There are many possible approaches for such a color mapping. The simplest is sketched in the program below.
![Custom Color Maps Updated]()
The core of this snippet is the initColorMap method. It takes a number of interpolation steps and an array of colors to interpolate between. In the screenshot, these have been
- red
- red, green
- red, green, blue (like in the first image of the question)
- red, yellow, green, cyan, blue, magenta
- black, orange, white, blue, dark blue (an attempt to obtain a color map similar to that from the second image in the question)
- red, green, blue, sampled with a sine function
The method returns an int array containing the RGB values of the interpolated colors. This might be used directly. But for an improved versatility, these arrays are wrapped into a ColorMap1D interface, which offers a method that returns an RGB color for any given value between 0.0 and 1.0.

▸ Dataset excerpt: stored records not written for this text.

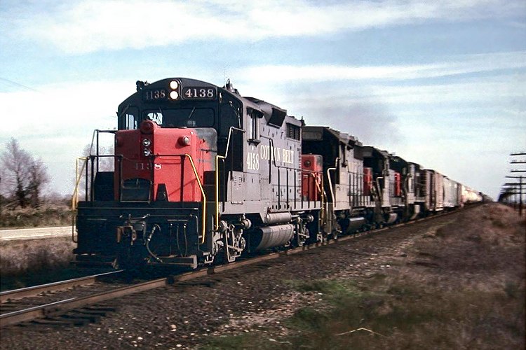EMD GP-20E unit 4138, lettered for Southern Pacific component St. Louis Southwestern (the "Cotton Belt"), leads a four-unit lashup with an eastbound SP manifest through south Texas in February 1975. Its original number was 803, but when rebuilt the unit was renumbered 4033 before assuming its final number. The "E" suffix was not an official designation but was popular railfan nomenclature to designate a unit that had been sold to subsidiary Southern Pacific Equipment Company in the R8 "Capital rebuild" program and then leased back to the railroad.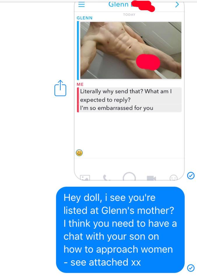 SNSでグレンの母親を見つけ出したレベッカは、彼が裸の写真を送ってきた時のやりとりをスクリーンショットで撮影したものを母親に送信。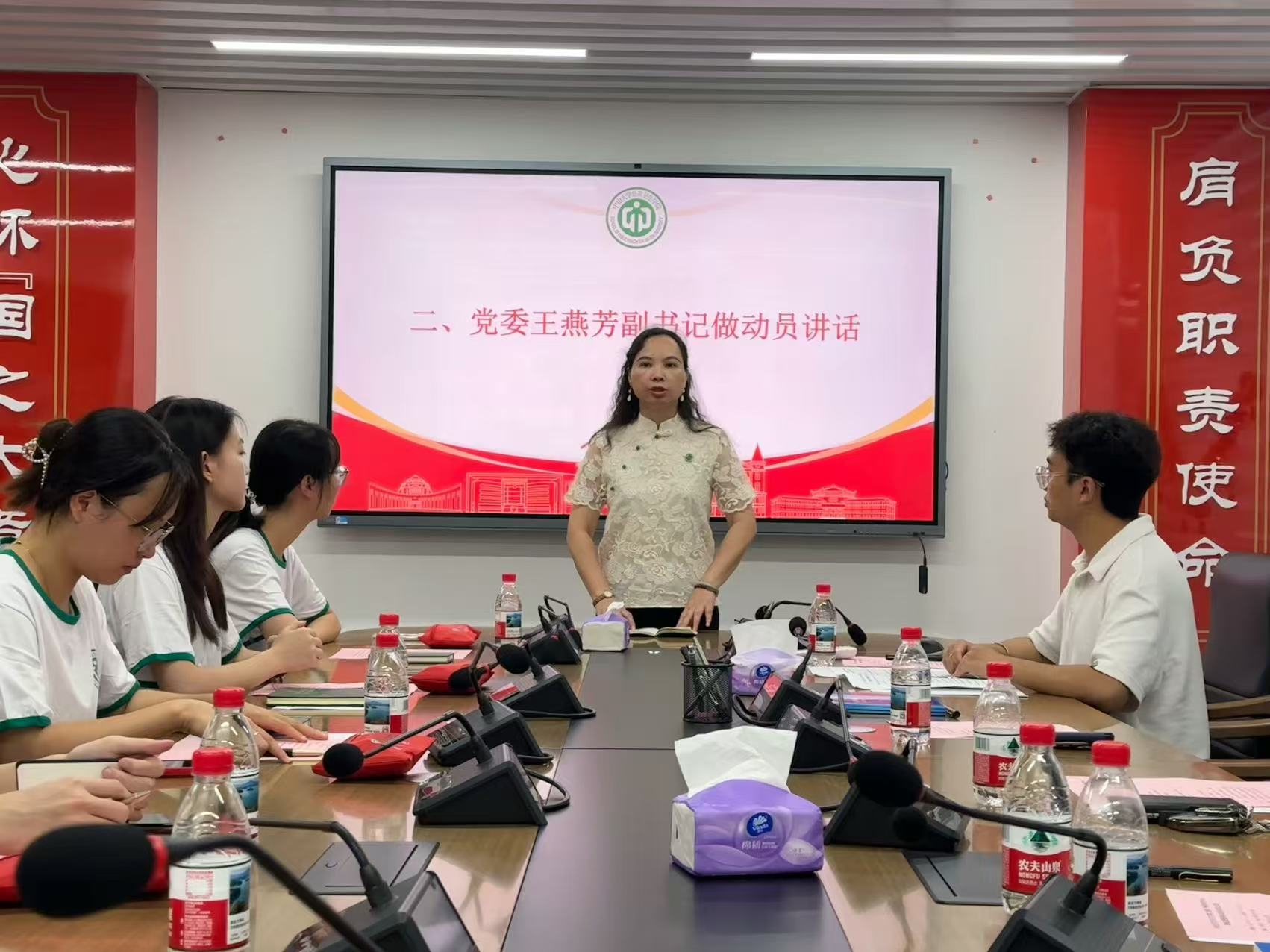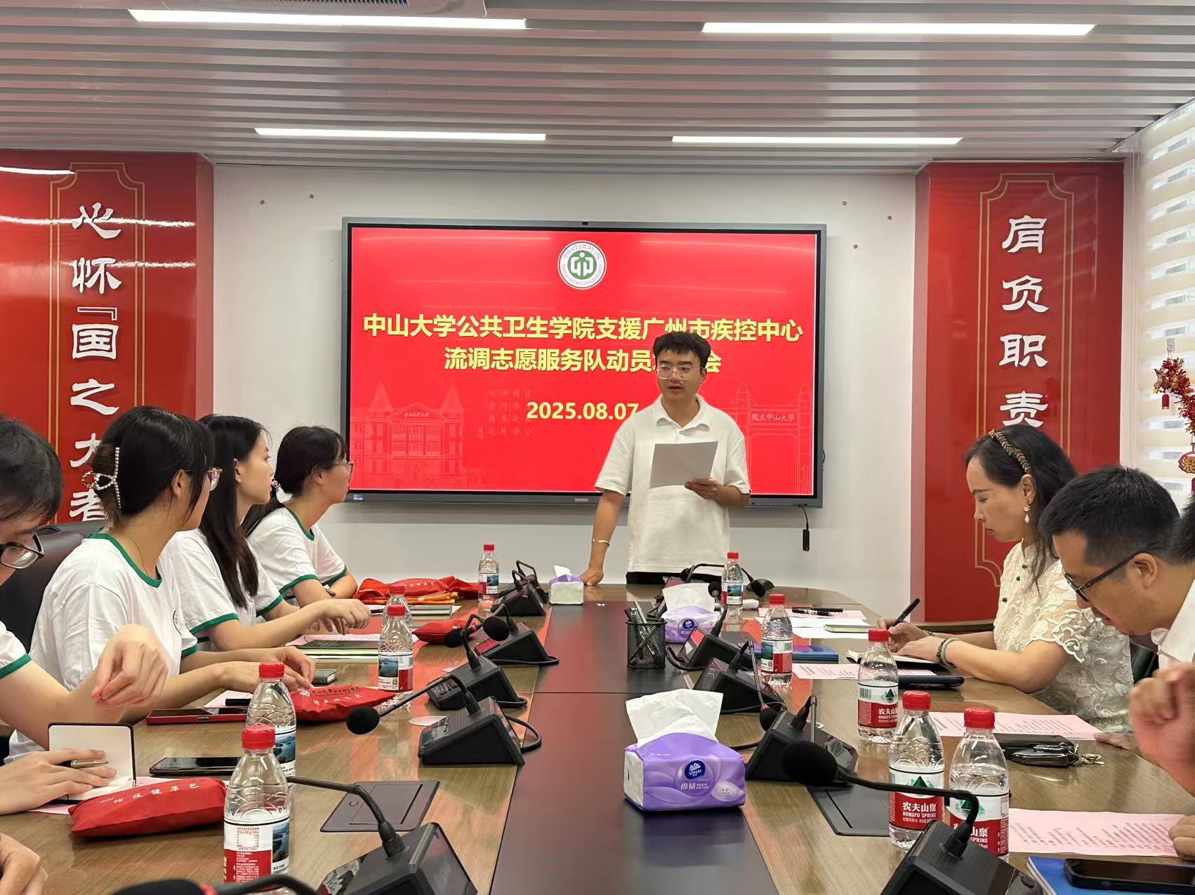 疫情就是命令,时间就是生命!学院在收到请求后,立即快速响应,面向全体研究生发布志愿者招募令。同学们踊跃报名,在经过严格选拔后,组成了由博士生邱慧玲担任队长、王钰等4名硕士生为队员的流调志愿服务队。2025年8月7日上午,全部准备工作就绪后,学院召开“支援广州市疾控中心流调志愿服务队动员培训会”。学院党委副书记王燕芳、院长助理杨博逸教授、学院团委副书记杜志成副教授、党政专职辅导员李永强及全体志愿者参加了会议,会议由李永强老师主持。会议围绕支援广州市疾控中心开展基孔肯雅热疾病防控流调志愿服务工作展开,旨在统筹部署志愿服务任务,强化专业技能培训,凝聚师生抗疫合力。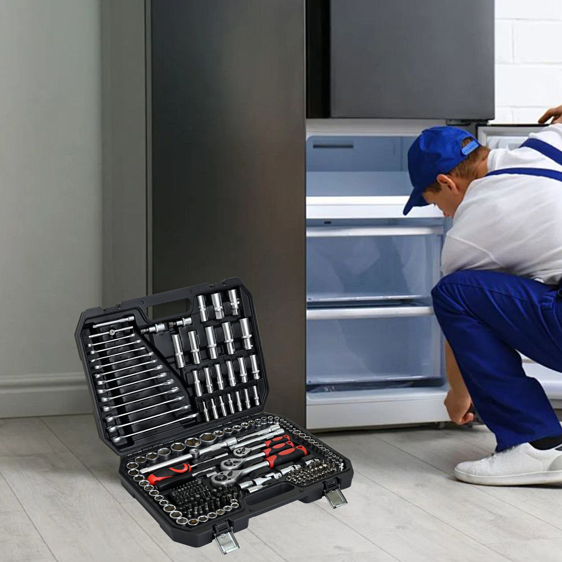 Tool Kit and Socket Wrench Set 216PCs - Basic Portable Manual Repair Tool Set for Home Use, Includes Case and Ratchet Wes and Wrenches

For your application case, this could probably used like this:
double value = (double)iterations / maxIterations;
int rgb = colorMap.getColor(value);
(EDIT: The following description and the code have been updated and extended based on the request in the comment)
Such a "normalization" to the range [0.0, 1.0] and the abstraction using interfaces is often beneficial.

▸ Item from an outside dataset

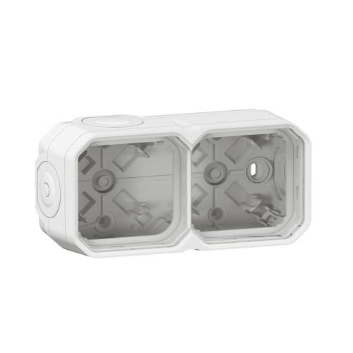 Boîtier étanche en saillie 2 postes horizontaux/verticaux sans cloison avec 4 embouts à membrane Plexo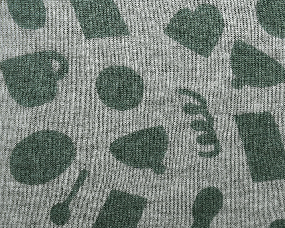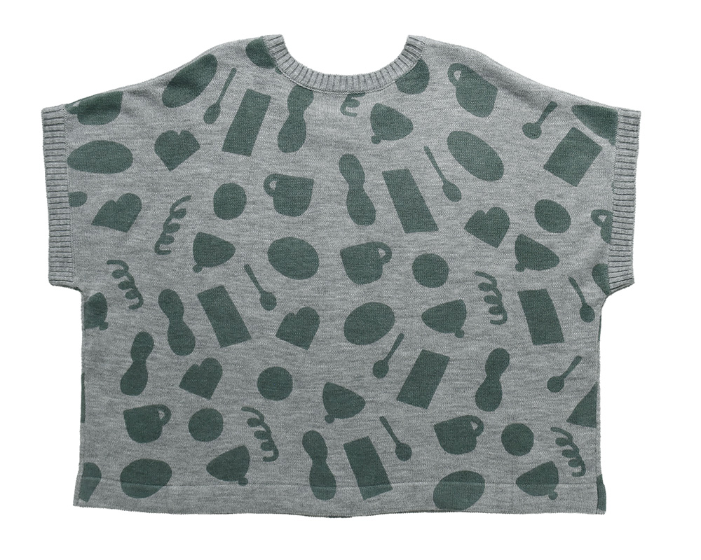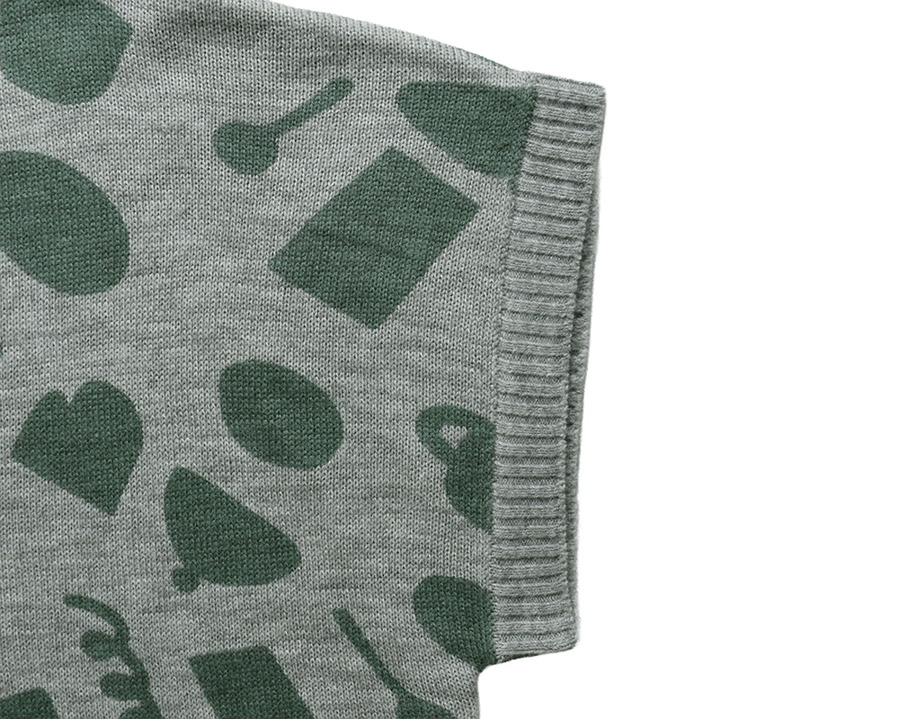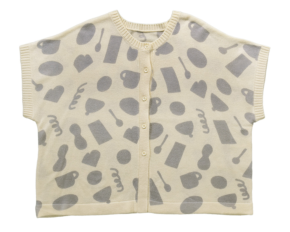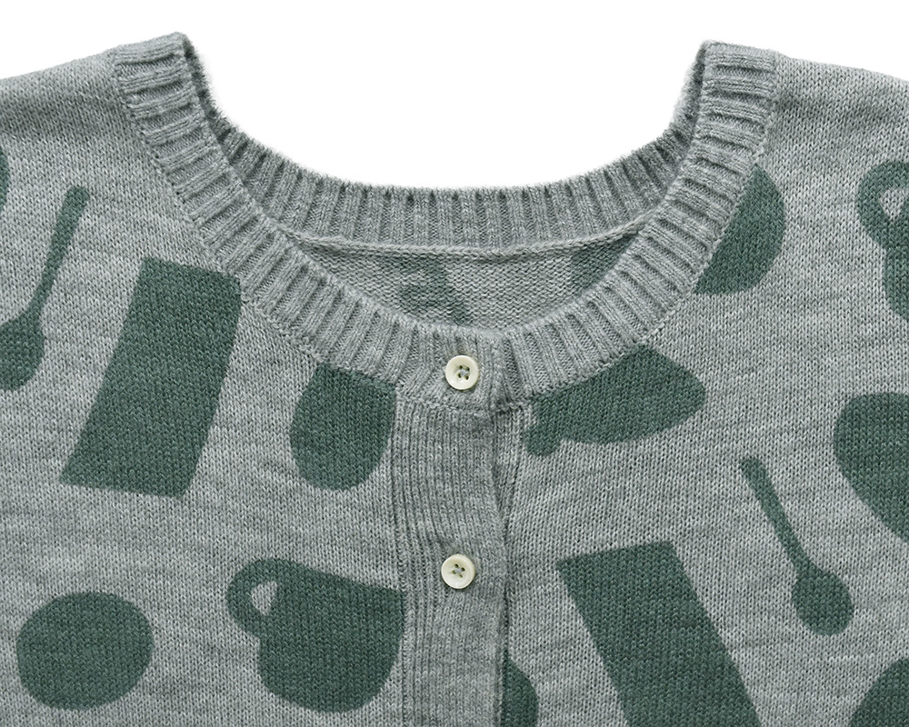 着こなしの幅が広がる前後着用可能なデザイン。ゆったりとしたワイドシルエットで、リラックス感のある着心地です。アクリルナイロンの糸を使用し、ふんわりとした柔らかい風合いに仕上げました。LYKKE(リュッケ)なひとときを思わせる、毛糸やミトン、ニット帽、マグカップ、スプーンなどのモチーフを散りばめた温もりのあるプリント柄です。

As a demonstration of the effects that are possible with this abstraction: The ColorMaps1D class contains several methods to create ColorMap1D instances:
ColorMaps1D#createDefault(int steps, Color ... colors): Creates a default color map that interpolates over a given sequence of colors with a predefined number of steps (the "resolution" of the color map)ColorMaps1D#create(ColorMap1D delegate, DoubleFunction<Double> function) : This method creates a color map where the argument of the getColor method is transformed with the given function before it is passed the the getColor method of the given delegate.
Thus, one can easily create a ColorMap1D that interpolates non-linearly between colors. One could even create a ColorMap1D implementation that interpolates over several other color maps.
As an example, I have added a color map that uses the default, simple Red->Green->Blue color map, but accesses it with a function that computes the sine of the argument. This way, it is possible to "cycle" through the Red->Green->Blue color map several times.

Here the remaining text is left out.